THOUGH UNFINISHED, the most necessary Kafka masterpiece today—as we slowly sort through where we’ve been for the past year or so—is surely “Der Bau,” first translated into English by Edwin and Willa Muir as “The Burrow.” Told from the point of view of a burrowing animal, what Herbert Blau has called the tale’s “manic intensity” is focused—as its original title suggests—on construction. In the seventies, Blau’s experimental troupe KRAKEN staged the story as a frenetic, constant work of building, or “burrowing,” and the latter word quickly became a term of art for his actors.

No one could miss how Kafka’s tale speaks to our plague year: “the most beautiful thing about my burrow is the stillness. Of course, that is deceptive. At any moment it may be shattered and then all will be over.” Isolation, gnawing worries, the obsession with (or invention of) enemies, the irrepressible drive to create, or destroy—what doesn’t sound familiar? Yet for Blau, the true moral of the story lies in what it teaches us about building—that everything essential begins within. Remember, the German master also argued that “If it had been possible to build the Tower of Babel without ascending it, the work would have been permitted.”

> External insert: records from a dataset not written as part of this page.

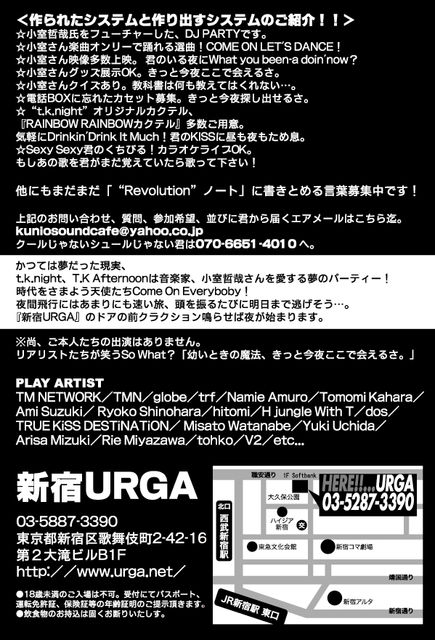 小室哲哉さん関連曲オンリーのひとときを週末の夜の新宿にて! 小室哲哉さん楽曲を愛するDJ&Liveパーティー、 “t.k.night”52回目のバースデー、オールナイト開催のお知らせです! 小室哲哉さんの音楽を徹底的に振り返り、 あらゆる角度から体感出来る充実のひとときをご一緒出来る空間を実現致します。 お一人の方、イベント初心者の方も大歓迎ですよ。 ご質問やリクエストも遠慮なくコメント、メッセージ下さいね! “t.k.night vol.15” 〜祝・小室哲哉さんバースデー!〜 日時:11/27(土)23:00〜All Night! 会場:新宿
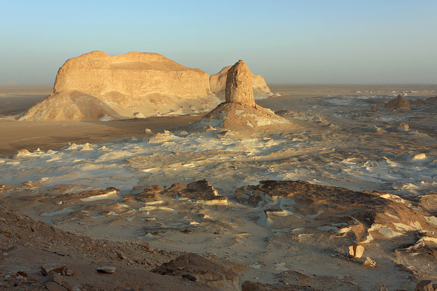 Lumière du soir sur les pitons calcaires du Désert Blanc
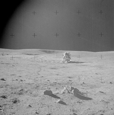 Conspiracists also say that photos like Fig. 3 cannot have been taken with only one light source because they interpret the shading and shadow on the astronaut to mean that light must be coming from multiple directions. They claim the good lighting on the shaded parts of objects, and on objects fully in shadow, can only be explained by the use of supplementary lighting (called "fill lighting" in photography lighting terminology). And since there was no explicit fill lighting techniques or equipment used on Apollo missions, conspiracists once again say the observed effects in the photo are inconsistent with the circumstances under which NASA says they were taken. The myth tested here is, "Where light comes from only one source in one direction, then surfaces that aren't directly lit must appear very dark." That too can be tested in a studio by scale models and studio lights. Lighting designers and photographers know that surfaces reflect light. Hence a study of "global" illumination effects from one light and its incidental reflections on objects in a scene only has to replicate the optical properties of the materials and their relative distances in order to be scientifically accurate. The strength of the light can be adjusted by varying its distance and its luminosity. The Mythbusters took great pains to achieve the proper reflectivity of the lunar surface and the space suit. Jamie is shown measuring the geometric albedo of his simulated lunar surface in exactly the same way astrophysicists measure the actual albedo of the real lunar surface: in the exact opposite direction from the direction at which the light arrives. We suspect that the light reflected from the lunar surface on either side of the lunar module's shadow provides the fill light for this scene. The Mythbusters set up a geometrically equivalent scene, made the reflectivity values also equivalent to the objects in the photo, and arranged scrupulously for only one source of light to illuminate the scene. Their photographs show proportionally similar lighting levels to the "impossible" Apollo photograph, proving that the ordinary objects in the scene are sufficiently reflective. Again: "Myth Busted!" The Mythbusters' experiment is quite similar to other experiments that were done by
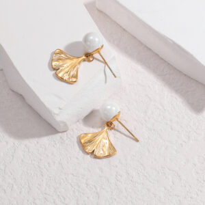 Ginkgo Leaf Pearl Earrings
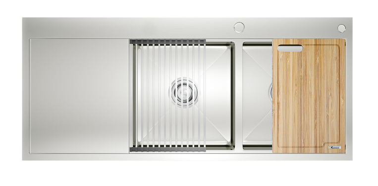 Chậu rửa bát Workstation Sink – Topmount Sink KN11650TD là sản phẩm duy nhất trong bộ sưu tập chậu handmade có tích hợp bàn chờ – một cải tiến mới về cả thẩm mỹ và công năng từ Konox.
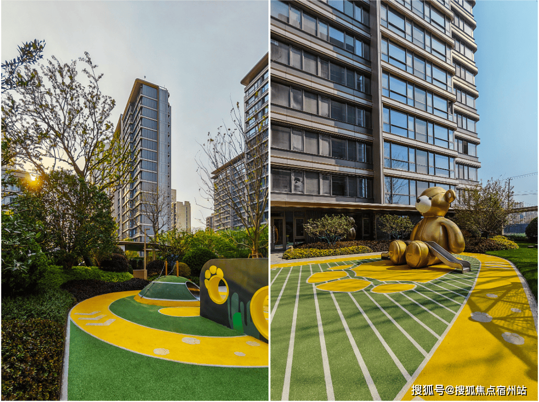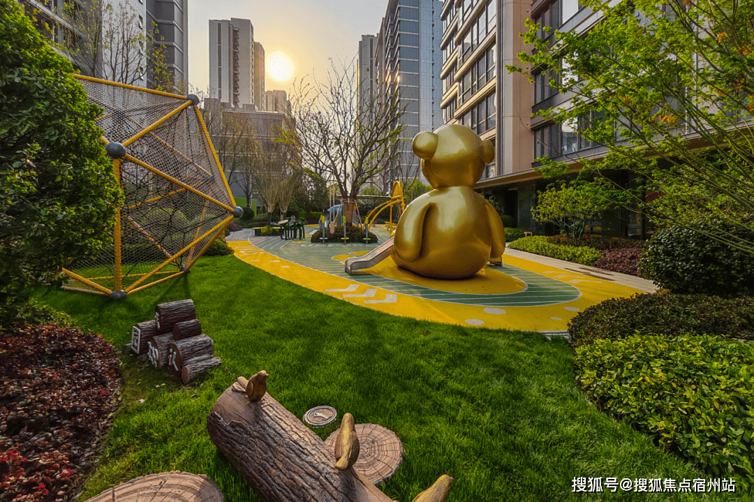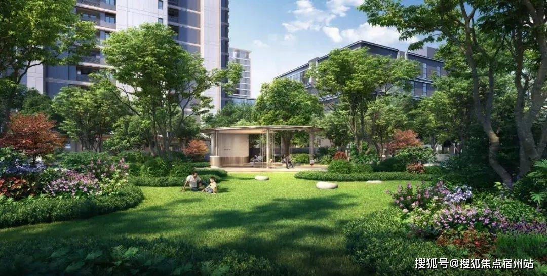 六大林系主题生活花园也是实景,包含中央阳光草坪与会客廊架、儿童主题活动区及四大全龄架空层等,一方面景观丰富,另一方面触发业主更多的停留和遇见的可能性,让社交在自然而然中发生。
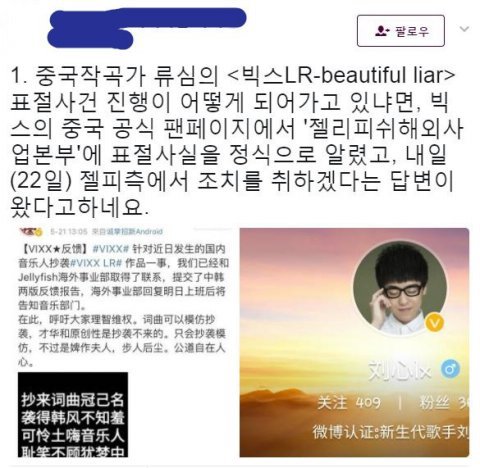 그중에서도 라비의 곡인 'beauilful liar' 라는 곡을 중국가수가 표절함 (표절 논란인 곡을 들어보면 원곡 라비의 노래와 매우 흡사함)

In surveying the pages that we offer this fall, it is indeed inner work—burrowing as the ontology of action, built in a place of absence—that unites this issue’s storehouse of pleasures. Flip a coin, then begin with an essay from an editor who practices what they preach: from either our own Q. M. Zhang, whose tribute to Hong Kong history stands as a memorial in prose, or NER editor Carolyn Kuebler’s multilayered, multivalent meditation on our year of crisis and kairos. Or start with another oddly resonant, odd-couple pairing: follow Christopher Schmidt’s lyrical investigation into the social and colonial history of color, and then take up the work of mourning with Laura Levitt, as she finds in Maggie Nelson’s words equipment for living in a post-trauma world. The abyss between then and now is also traversed in another pair of tales, a lyrical postwar fable by Seulmi Lee and a story of immigrant generational conflict by Jeannie Tseng. Two other stories came to us from other languages and countries—from Lana Bastašić, translated by Ulvija Tanović, and Kristian Sendon Cordero, translated by Bernard Carpinpin; oddly enough, both are war tales of children haunted by their fathers.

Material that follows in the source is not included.